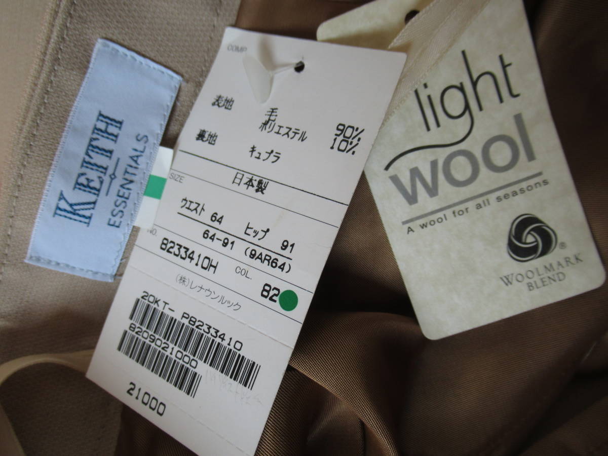 新品タグ付 キース KEITH(ルック)最高級サマーウールのパンツ 64(9号M相当) ベージュ 定価2.1万円
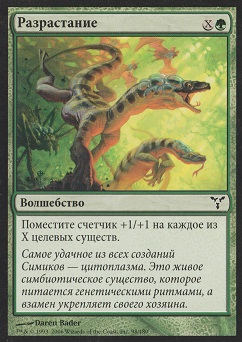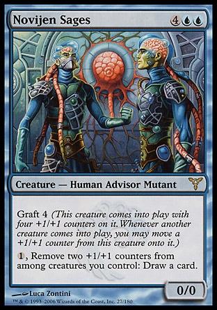 Это сочетание мне нравится больше всего. Свойства, которые разработчики разместили в этих цветах, отлично подходят друг к другу: жетоны +1/+1 раскладываем с graft и bloodthirst, жетоны -1/-1 получаются с wither и карт черного ремувала, добавляем sunburst, charge counters и всё это распространяем. Два мироходца в издании также содержат жетоны, которые можно с успехом размножить. Очень важным существом в нашем UB является
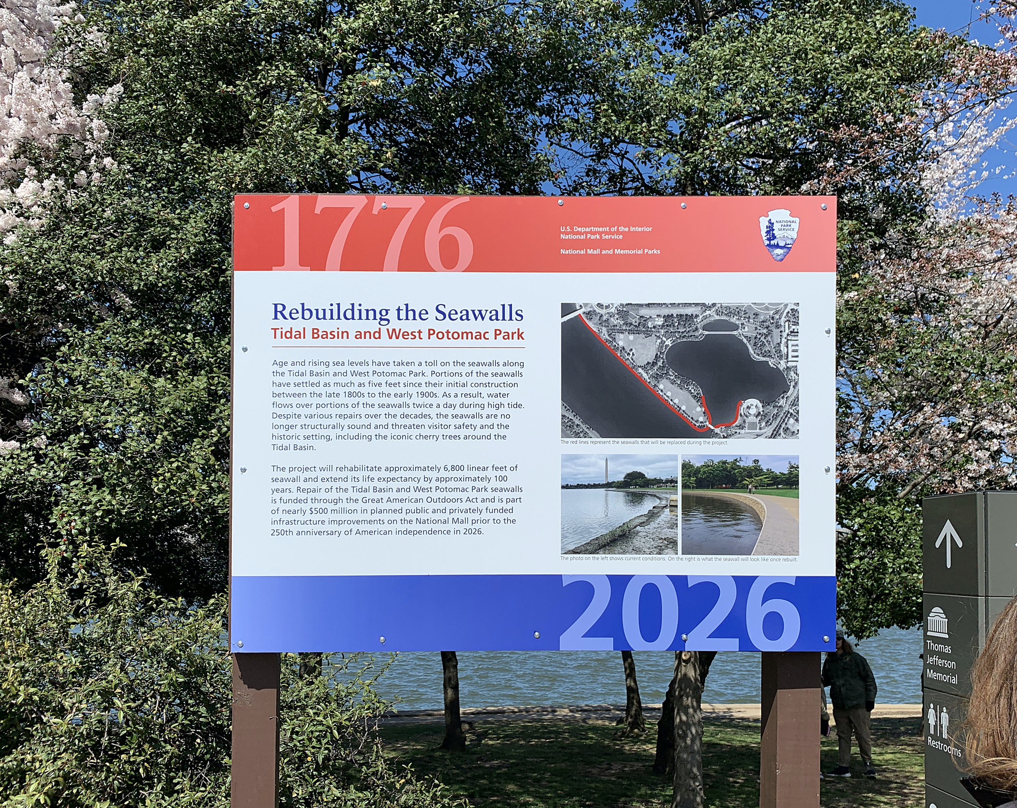 This is the part of the Tidal Basin where the seawall is failing. The trees all died because it floods twice a day.

__ASSIGNMENT__: Write out the material above once more, word for word. Images stay out.

__SOLUTION__:
 新品タグ付 キース KEITH(ルック)最高級サマーウールのパンツ 64(9号M相当) ベージュ 定価2.1万円
 Это сочетание мне нравится больше всего. Свойства, которые разработчики разместили в этих цветах, отлично подходят друг к другу: жетоны +1/+1 раскладываем с graft и bloodthirst, жетоны -1/-1 получаются с wither и карт черного ремувала, добавляем sunburst, charge counters и всё это распространяем. Два мироходца в издании также содержат жетоны, которые можно с успехом размножить. Очень важным существом в нашем UB является
 This is the part of the Tidal Basin where the seawall is failing. The trees all died because it floods twice a day.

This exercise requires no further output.